══ PROVIDED MATERIAL

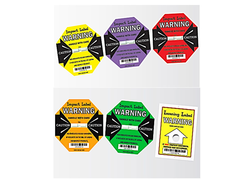 Impact Label is a highly-visible device that will activate when an impact level exceeds a predetermined level. When mounted on the external packaging, the device visually alerts everyone involved in the packaging handling process that additional care is required.
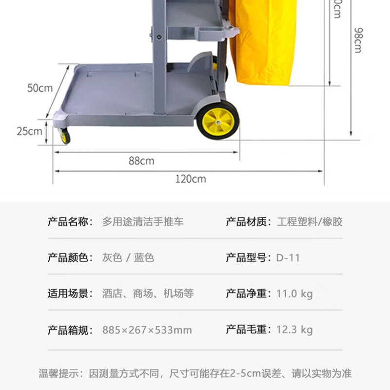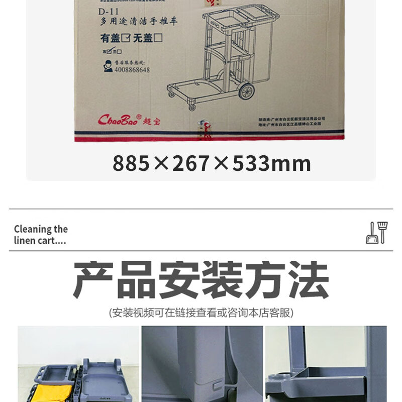 Qiao Bo Lai multifunctional trolley hotel linen cart hotel cleaning cart property cleaning special tool cart Chaobao-D-11 without cover (thick gray)
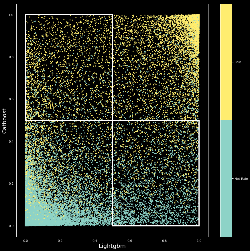EX) 한 행에 대해서 catboost 모델은 비 올 확률 0.9 lightgbm 모델은 0.1과 같이 상이하게 예측하는지 확인하기 위해

════

## DIRECTIONS FOR THIS TASK
The range to set down runs from the line containing "Qiao Bo Lai" through the final line of the data, both ends included; give it exactly and drop the pictures.

## RESULT OF THIS EXERCISE
 Qiao Bo Lai multifunctional trolley hotel linen cart hotel cleaning cart property cleaning special tool cart Chaobao-D-11 without cover (thick gray)
EX) 한 행에 대해서 catboost 모델은 비 올 확률 0.9 lightgbm 모델은 0.1과 같이 상이하게 예측하는지 확인하기 위해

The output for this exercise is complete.